## Problem to work on
Give back only the lines in the records below from the one with "RZEŹNIK: Mięsa nie" to the one with "Gustavo Petro, nacido", both inclusive, word for word.

## Recorded information
________

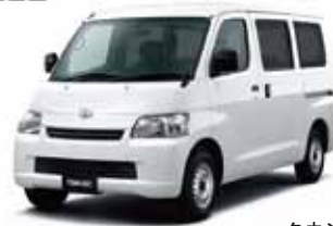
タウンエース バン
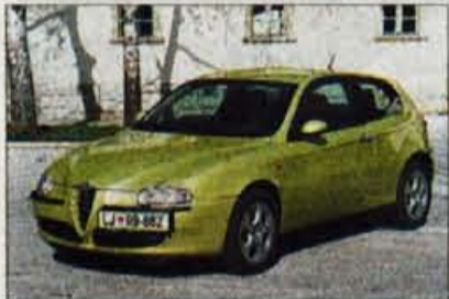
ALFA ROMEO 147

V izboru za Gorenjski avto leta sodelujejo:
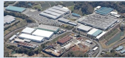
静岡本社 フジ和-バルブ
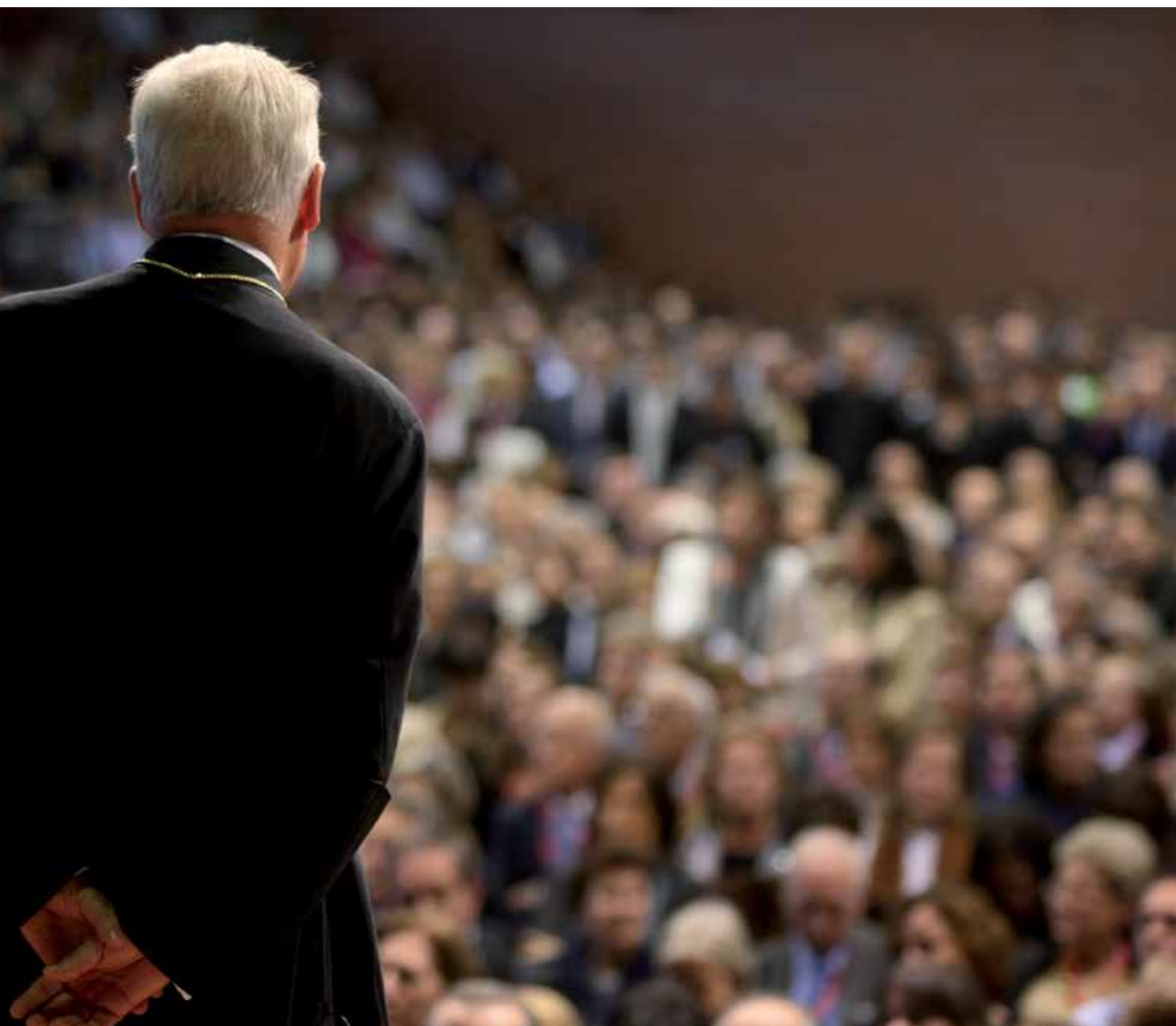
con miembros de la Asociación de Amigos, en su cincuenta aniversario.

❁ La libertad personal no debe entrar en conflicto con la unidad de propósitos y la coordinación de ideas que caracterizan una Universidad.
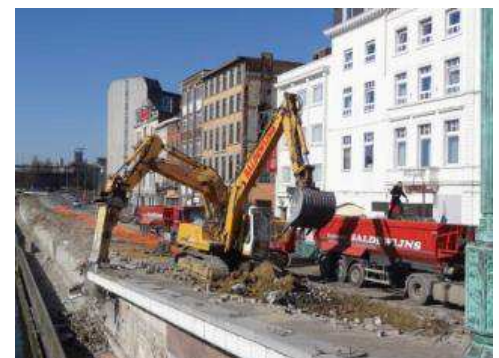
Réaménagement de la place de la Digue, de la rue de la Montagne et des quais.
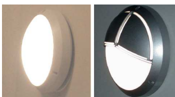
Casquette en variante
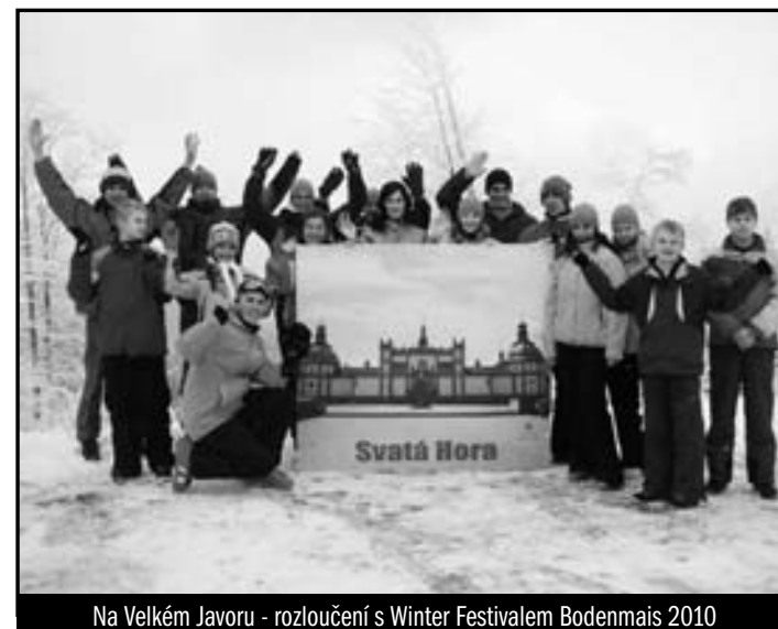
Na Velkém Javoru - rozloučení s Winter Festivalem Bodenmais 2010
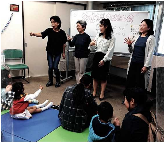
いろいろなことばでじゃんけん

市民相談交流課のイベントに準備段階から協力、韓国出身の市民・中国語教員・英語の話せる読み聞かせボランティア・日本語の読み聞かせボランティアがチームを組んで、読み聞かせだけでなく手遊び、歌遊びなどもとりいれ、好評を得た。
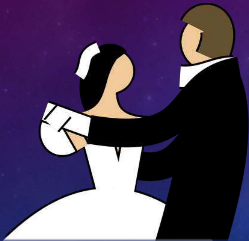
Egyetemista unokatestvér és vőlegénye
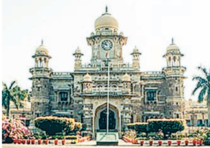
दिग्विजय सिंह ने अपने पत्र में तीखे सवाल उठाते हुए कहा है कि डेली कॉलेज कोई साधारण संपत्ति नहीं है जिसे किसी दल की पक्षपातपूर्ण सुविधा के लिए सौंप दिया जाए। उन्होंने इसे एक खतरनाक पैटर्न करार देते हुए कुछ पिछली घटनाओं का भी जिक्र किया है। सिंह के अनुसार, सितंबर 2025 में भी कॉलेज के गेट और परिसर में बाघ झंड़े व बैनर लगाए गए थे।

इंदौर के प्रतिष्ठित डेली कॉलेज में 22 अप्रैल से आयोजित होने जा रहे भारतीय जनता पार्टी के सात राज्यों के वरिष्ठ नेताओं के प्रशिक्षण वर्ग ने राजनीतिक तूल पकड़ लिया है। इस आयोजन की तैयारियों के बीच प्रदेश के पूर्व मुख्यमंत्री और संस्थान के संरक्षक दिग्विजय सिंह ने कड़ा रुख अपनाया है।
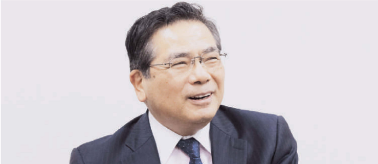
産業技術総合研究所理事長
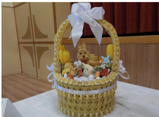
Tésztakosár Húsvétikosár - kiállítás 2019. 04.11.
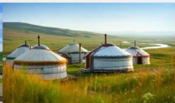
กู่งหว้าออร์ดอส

________

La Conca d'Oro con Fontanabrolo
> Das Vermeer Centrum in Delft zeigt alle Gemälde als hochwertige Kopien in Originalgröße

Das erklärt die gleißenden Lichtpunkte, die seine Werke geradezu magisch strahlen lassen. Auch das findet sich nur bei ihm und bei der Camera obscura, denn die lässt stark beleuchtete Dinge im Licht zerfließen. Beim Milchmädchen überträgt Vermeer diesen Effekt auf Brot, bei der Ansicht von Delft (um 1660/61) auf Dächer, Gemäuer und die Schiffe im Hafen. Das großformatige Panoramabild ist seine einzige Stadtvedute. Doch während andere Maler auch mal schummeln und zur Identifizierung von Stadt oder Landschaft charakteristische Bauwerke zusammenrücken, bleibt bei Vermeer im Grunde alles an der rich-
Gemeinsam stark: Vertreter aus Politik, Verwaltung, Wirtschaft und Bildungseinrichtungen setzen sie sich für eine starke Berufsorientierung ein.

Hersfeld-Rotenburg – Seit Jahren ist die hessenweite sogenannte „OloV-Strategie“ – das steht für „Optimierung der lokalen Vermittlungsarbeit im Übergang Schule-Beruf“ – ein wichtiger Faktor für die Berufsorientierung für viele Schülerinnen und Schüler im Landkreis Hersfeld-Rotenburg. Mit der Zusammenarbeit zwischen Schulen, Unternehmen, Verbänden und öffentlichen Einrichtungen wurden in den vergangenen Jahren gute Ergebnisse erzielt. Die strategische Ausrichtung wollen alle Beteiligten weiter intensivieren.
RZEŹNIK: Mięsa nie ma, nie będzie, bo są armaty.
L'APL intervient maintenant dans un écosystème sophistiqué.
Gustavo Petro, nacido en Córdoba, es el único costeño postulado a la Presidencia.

________

## Answer to this exercise
RZEŹNIK: Mięsa nie ma, nie będzie, bo są armaty.
L'APL intervient maintenant dans un écosystème sophistiqué.
Gustavo Petro, nacido en Córdoba, es el único costeño postulado a la Presidencia.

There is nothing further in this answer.